悪意ある善人による回顧録

レビューサイトの皮を被り損ねた雑記ブログ

怪盗山猫 第3話

まずは記録をとることとします。思考が千々に乱れるせいで、まとまりのある文章が書けなくて申し訳ありません。

 

***注意はじめ***

以下の文面は言葉遣いに乱れが生じたり、ネタバレにあふれる虞があります。

また、本文は筆者である阿久井善人の独断と偏見に基づいて記されております。

当方が如何な感想を抱いたとしても、議題となっている作品の価値が貶められるはずもなく、読者の皆様のお考えを否定するものではないということを、ここに明記いたします。

***注意おわり***

 

第3話は、山猫のもとにとある女性の捜索依頼が舞い込んでくるも、その女性というのが先日山猫を監視していた人間で、しかもアジアンマフィアの一味だった……などの展開であった。

 

まずドラマの冒頭で回想が入り、山猫と関本刑事が屋上で争っているシーンが映し出された。それから現在のBARストレイ・キャットへと視点がもどり、第2話終了後の続きの話が始まる。「怪盗もの」の物語では、泥棒役が警察などを出し抜いて華麗に対象物を盗み出すことに醍醐味があるが、そこで必ずひとつの疑問にぶち当たる。それは、泥棒側の陣営がこうも毎回警察の目を掻い潜れるのは、何か裏があるからではないか、という疑問である。

 

本作ではその答えを、「警察側にスパイがいる」という形で提示してきた。そのスパイというのが、山猫と対立していると思われていた関本刑事(佐々木蔵之助)である。

(余談だが、佐々木氏を認識した最古のドラマは「天国に一番近い男」(主演・松岡昌宏)である。数年前にDVDレンタルで復刻された本作を見直したときに、しれっと出演していたのに気づいて大層驚いたものである)

 

冒頭における山猫と関本刑事の言い争いは腹がねじれるほど笑わせてもらった。山猫に普段の不満をぶちまけるためだけにフリップに漫画を描いてくるなんて、絵を描いていた光景を思い浮かべると笑いが止まらなくなる。いかにもハードボイルドっぽい刑事かと思いきや、中身は山猫に負けず劣らずふざけたオッサンであった。なんなんだこの人たち。

 

さてドラマ本筋に話を戻すとして。

今回の話では、日本をマネーロンダリングの拠点にしようとたくらむロシアンマフィアと、彼らを壊滅させようとしているアジアンマフィアの抗争が描かれていた。

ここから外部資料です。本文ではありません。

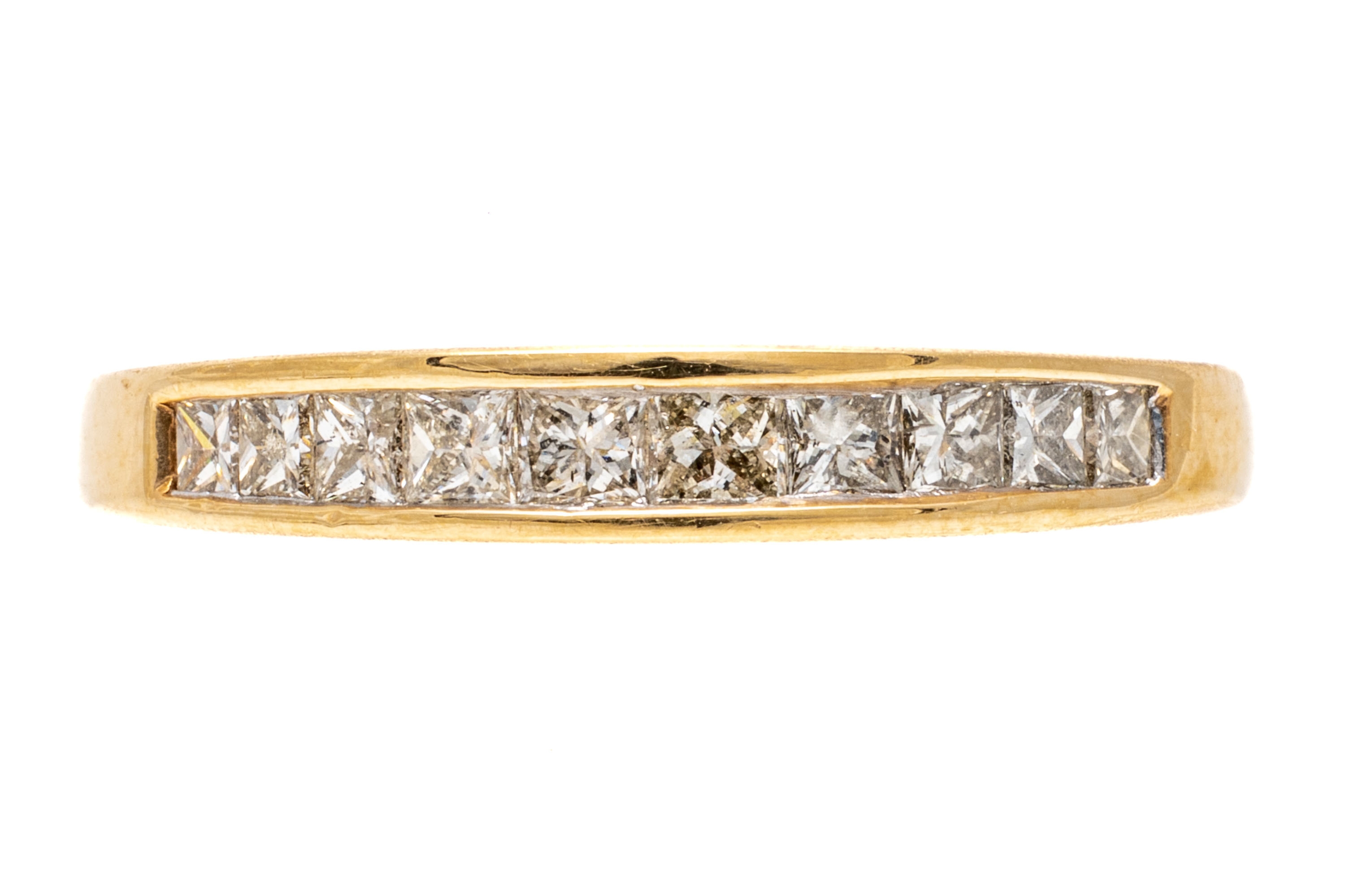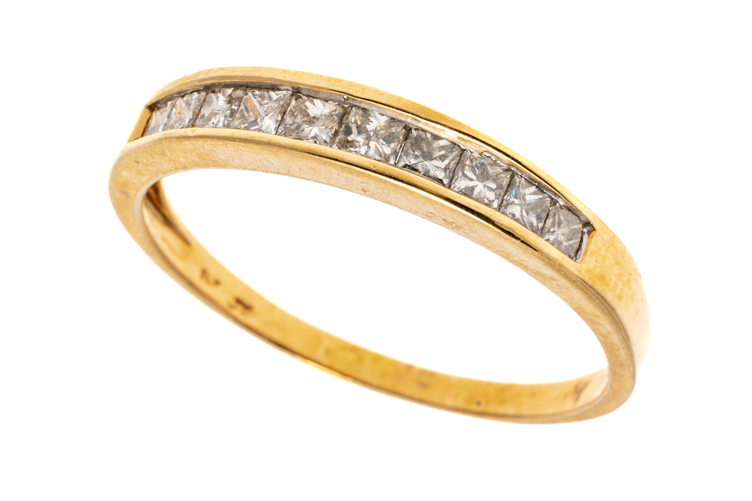 14k yellow gold princess cut diamond band ring, app. 0.30 TCW, size 9

何年か前に運営会社が破綻して信頼性が大きく揺らいだビットコインなどの架空通貨。なんでも、ロシアでは架空通貨の使用が禁止されているらしいが、日本では法整備をしていないため野放しになっているとのこと。ロシアンマフィアはそこに目をつけ、ロシア国内で処理できない汚い金を日本に密輸して、一旦は架空通貨に両替したうえで再び現金化するという資金洗浄の手法を考え出したらしい。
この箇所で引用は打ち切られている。